We rolled to the New Inn for Sunday lunch in a bit of a funk. Big meal out on Saturday night, rather too much wine, and then the stupid clocks went forward so lunch at 12:30 was going to feel more like 11:30. Given that we didn’t stumble home until midnight on Saturday, groaning like a pack of wolves who have just devoured a whole herd of caribou, we weren’t the most vivacious quartet on what was a truly gorgeous Sunday morning. Bountiful sunlight, thou art offensive to my tender head and squinty eyes! Begone!
Turned out that a leisurely lunch stretching out three courses of excellent cooking over three hours was just about the ticket.
The New Inn is a cheerful place, all the old wood beams scrubbed up to a natural oaken hue with tables and chairs to match. There’s a lot given over to dining, but it remains a proper village pub too with room to swing a pint and outside tables where beer and sun were being soaked up by the locals. We were served by a friendly and helpful band of young ladies, who ignored our occasional vacant stares and blinky gazes.
The food cut through my funk big-time. First up we got a perfect scotch egg: vivid yellow and runny yolk, oinkingly porky sausage meat with a serious punch of lemon and thyme. Moving onto the proper starter, plated on slate, a trio of battered balls of chewy slow-cooked ham hock sat on a swipe of shiny mustard mayonnaise. There was nothing subtle about this dish, a good hit of mustard and the sticky cream of the mayo mashing in the mouth with scrunchy batter and salty ham. Woke me up.

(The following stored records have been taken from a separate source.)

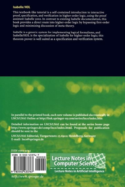 This volume is a self-contained introduction to interactive proof in high- order logic (HOL), using the proof assistant Isabelle 2002. Compared with existing Isabelle documentation, it provides a direct route into higher-order logic, which most people prefer these days. It bypasses ?rst-order logic and minimizes discussion of meta-theory. It is written for potential users rather than for our colleagues in the research world. Another departure from previous documentation is that we describe Markus Wenzel s proof script notation instead of ML tactic scripts. The l- ter make it easier to introduce new tactics on the ?y, but hardly anybody does that. Wenzel s dedicated syntax is elegant, replacing for example eight simpli?cation tactics with a single method, namely simp, with associated - tions. The book has three parts. The ?rst part, Elementary Techniques, shows how to model functional programs in higher-order logic. Early examples involve lists and the natural numbers. Most proofsare two steps long, consisting of induction on a chosen variable followed by the auto tactic. But even this elementary part covers such advanced topics as nested and mutual recursion. The second part, Logic and Sets, presents a collection of lower-level tactics that you can use to apply rules selectively. It also describes I- belle/HOL s treatment of sets, functions, and relations and explains how to de?ne sets inductively. One of the examples concerns the theory of model checking, and another is drawn from a classic textbook on formal languages.
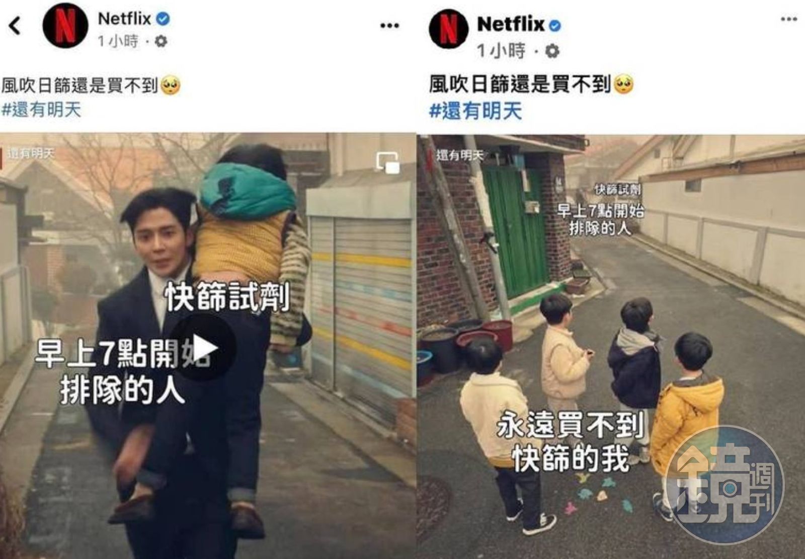 台灣Netflix上週末為宣傳新劇,擷取韓劇《還有明天》畫面為素材,搭上國內時事製成哏圖,附上文字描述情境「風吹日篩(曬)還是買不到」,並呼應劇名稱買不到「還有明天」,加註 「早上7點開始排隊的人」扛走「快篩試劑」,原地的人則寫上「永遠買不到快篩的我」,與所有哏圖一樣,以玩笑方式反映國內近來快篩試劑供不應求的事實。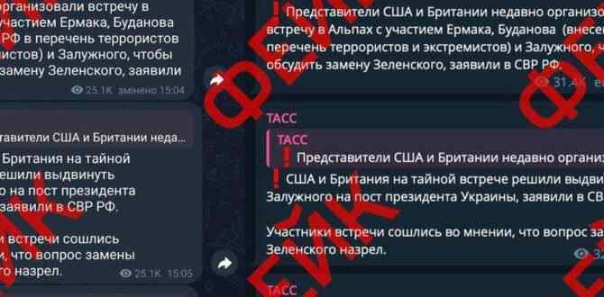 Російські спецслужби для дестабілізації ситуації в Україні запустили фейк про нібито таємну зустріч в Альпах керівника ГУР Кирила Буданова, керівника ОП Андрія Єрмака і нинішнього посла України у Великобританії Валерія Залужного, на якій нібито узгодили «заміну Зеленського».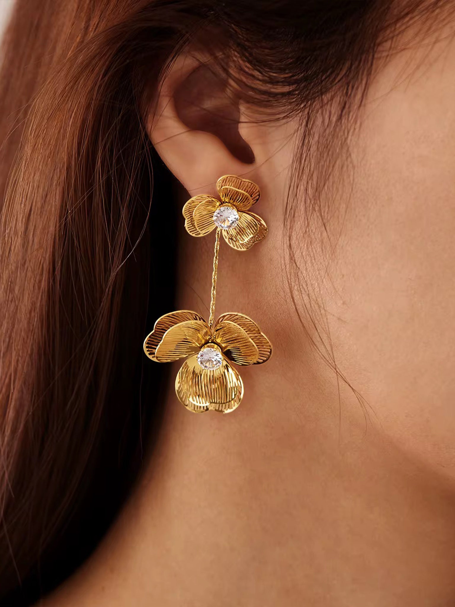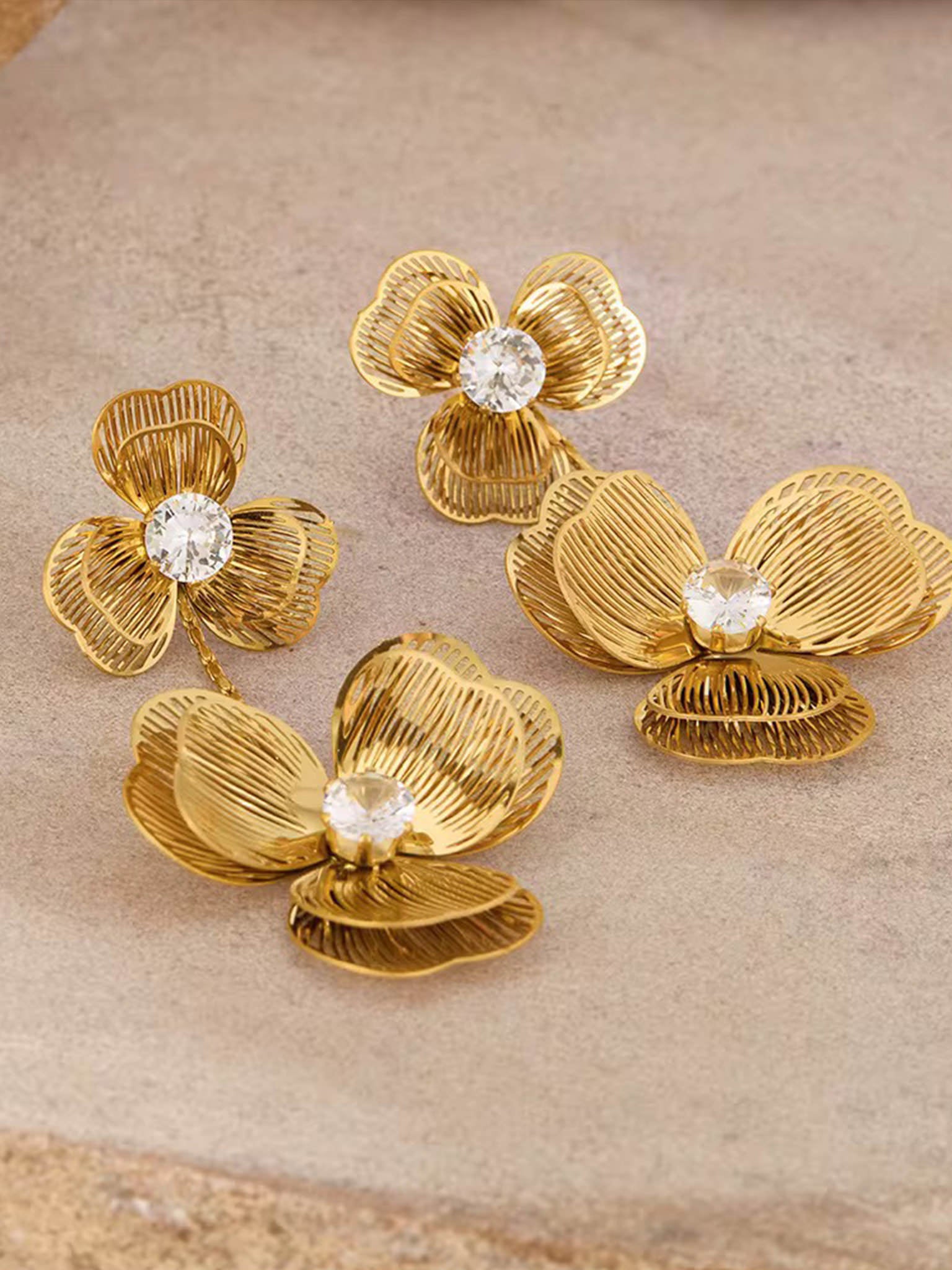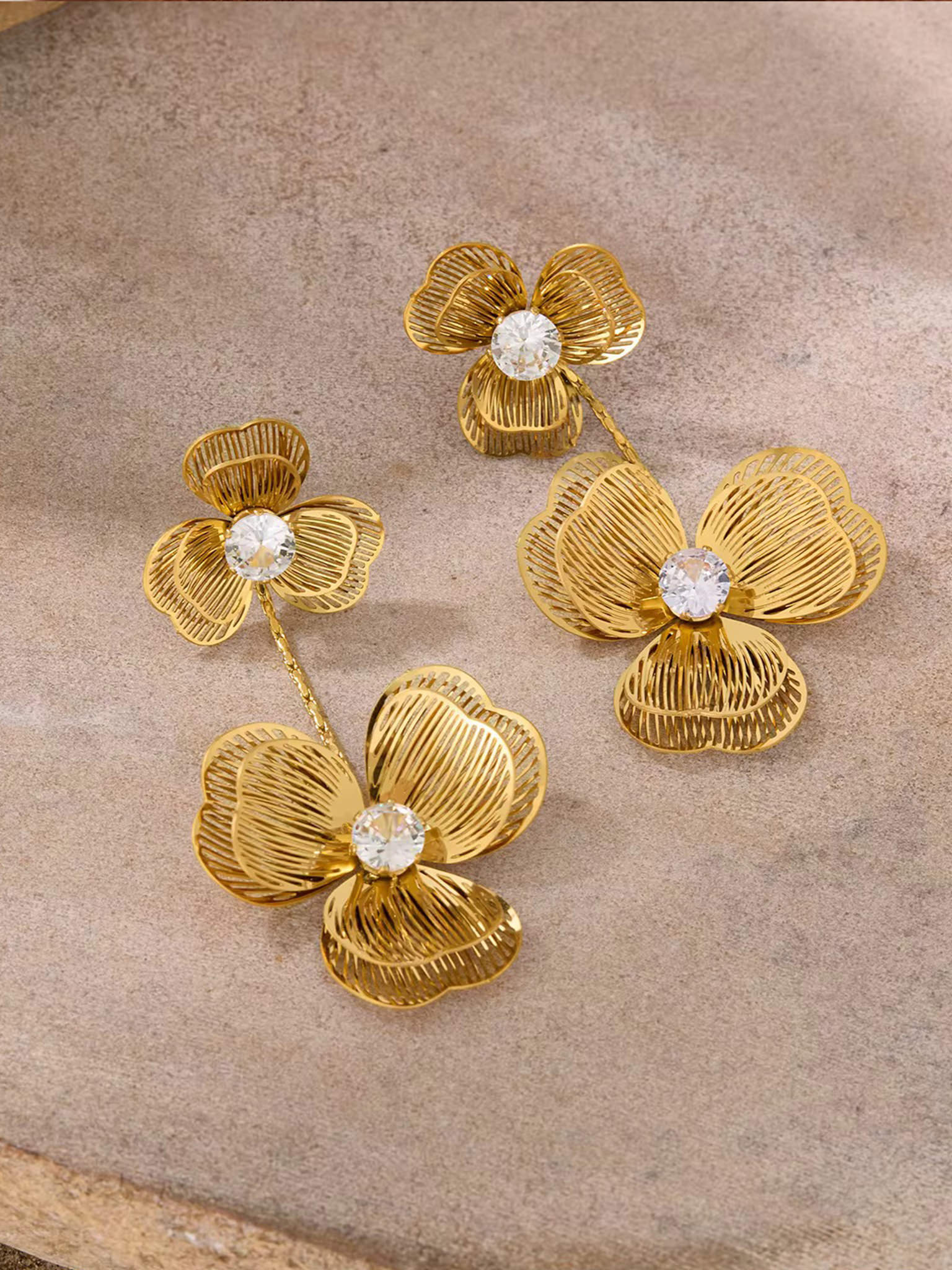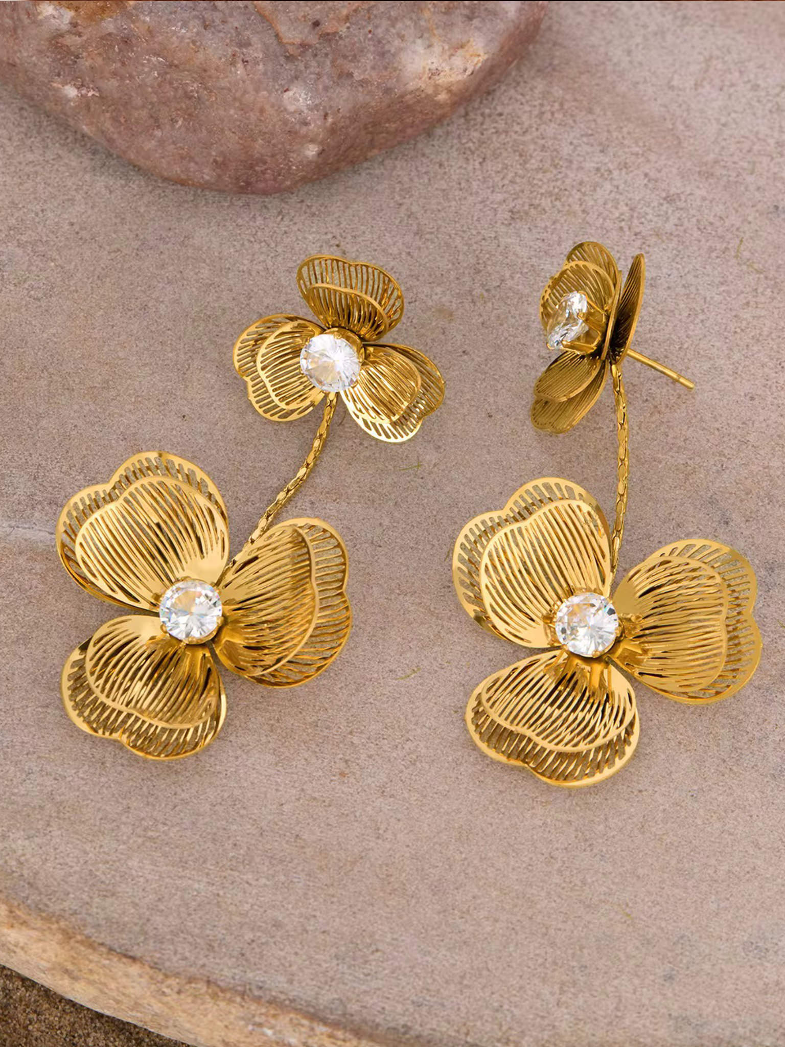 Gefertigt aus hochwertigem 316L Edelstahl, 18 Karat vergoldet, sind die Ohrringe nicht nur elegant, sondern auch besonders langlebig, nickelfrei, hypoallergen und wasserfest. Damit begleiten sie dich nicht nur am Hochzeitstag, sondern auch bei vielen weiteren besonderen Momenten.
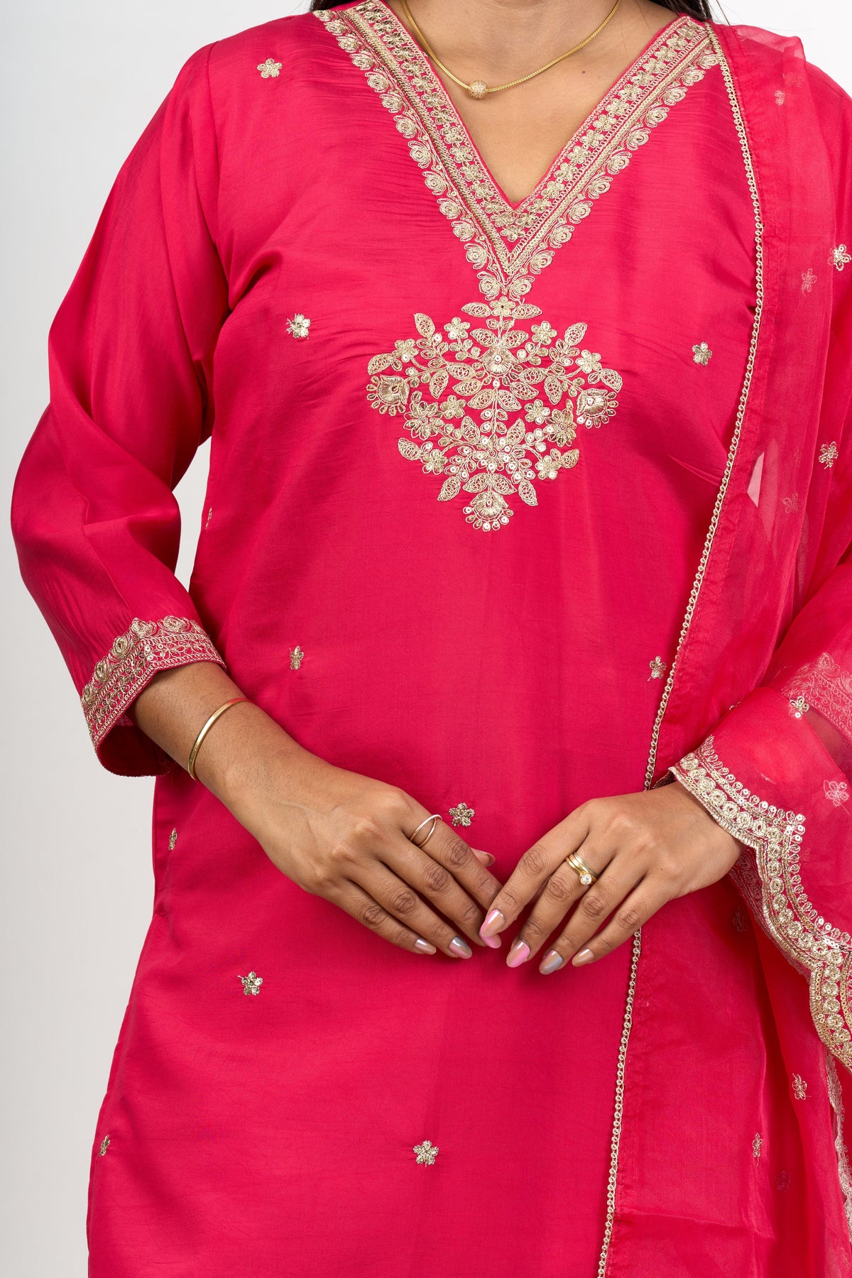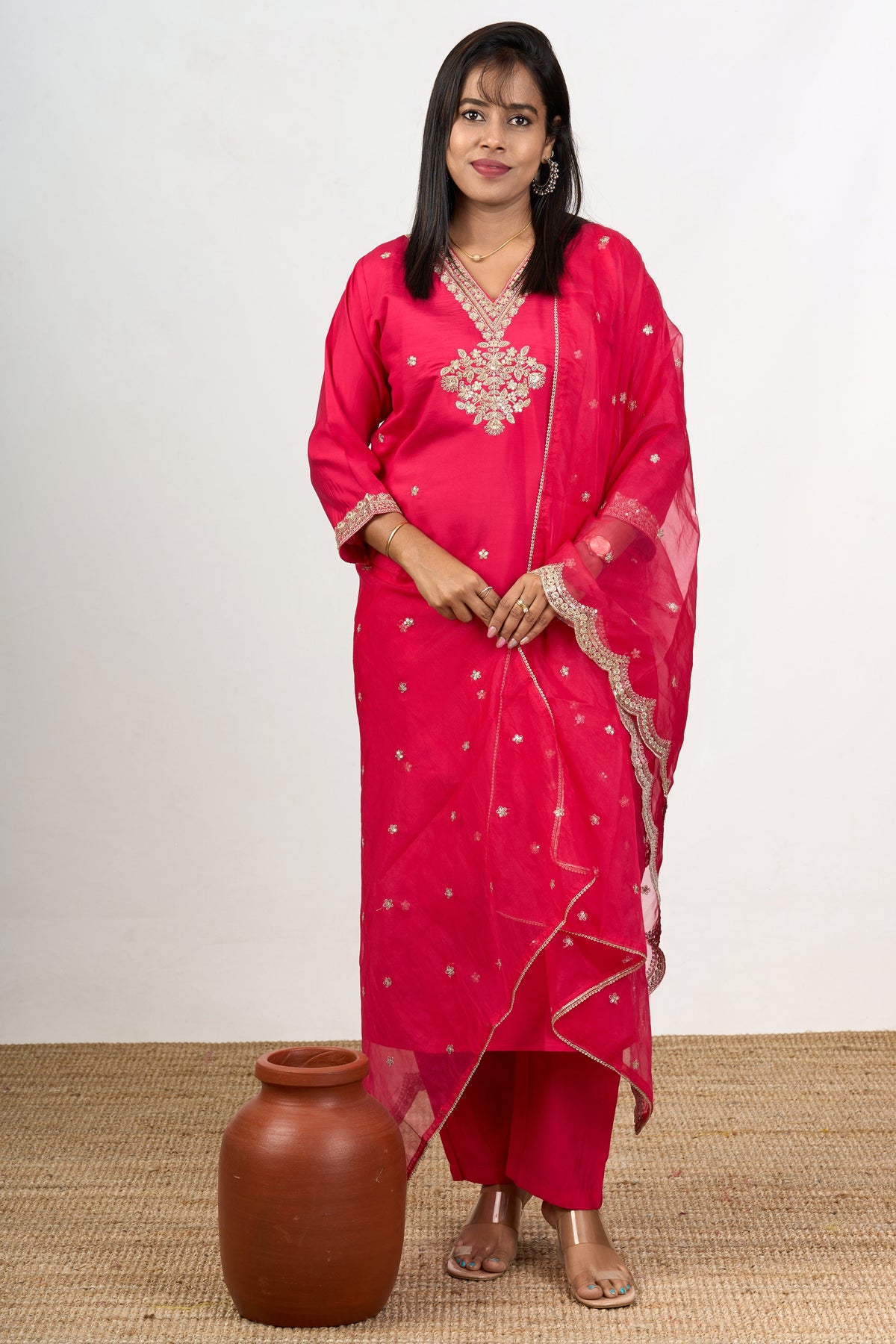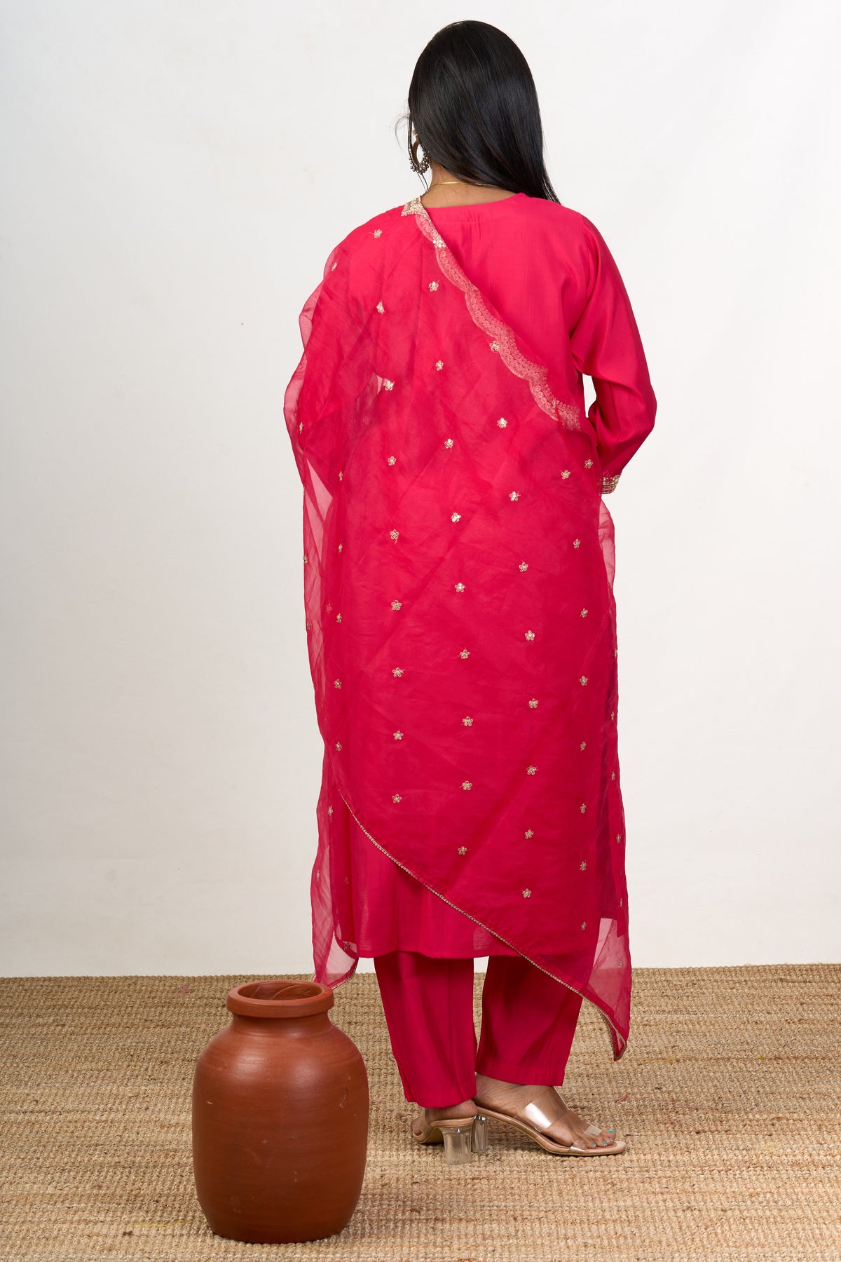 Make a bold statement at Lohri celebrations with this stunning red suit set. Designed with luxurious blend silk fabric, the kurta features detailed gold zari embroidery along the neckline, hem, and sleeves. The sheer red dupatta is adorned with elegant gold scalloped borders that exude grandeur. Paired with comfortable straight-cut pants, this ensemble blends traditional craftsmanship with modern comfort. Perfect for festive gatherings, family functions, and cultural celebrations, this outfit radiates elegance and class.

I almost never order chicken, but this morning my head, body and tummy were calling out for something soothing. Although breast, it had been roasted properly to keep juice and flavour intact. Kale and mash were good, as was the jus, but it was the sweetcorn puree that lifted the whole dish. Sweetcorn is so badly underused as an ingredient.
All this is irrelevant, because Maureen’s burger came along and knocked my socks off. Massive. Lamb and beef, absolutely blue in the middle, and laced rather raunchily with blue cheese and truffle. I’ll probably dream about it tonight, and not the kind of dreams I’d ever
tell anyone about. Did I say it was massive? It was huge. Maureen roped off the area and began excavations, but eventually I had to come in and help (oh, hardship). The triple-cooked chips were also maddeningly good.I should note that Tim and Vanessa were also making contented noises about the roast beef and the smoked haddock, and the nibbles I tried were groovy indeed.
It would have been rude not to squeeze in pudding. I squeezed in a lemon posset, which was delicious and always a favourite – rich, tangy and light all at once. Rather niftily served with scrunchy gingernuts and a little slurp of sweet-tart homemade lemonade. Pannacotta was pronounced good, rhubarb ice cream was noted for being good but a little too delicate in the rhubarb flavour.
The New Inn is right at the top end of pub dining for me, from the menu choices to the plating. Everything was delicious and the bill jolly reasonable – £25 each for three hours of relaxed gastronomic entertainment, though admittedly we didn’t have much wine!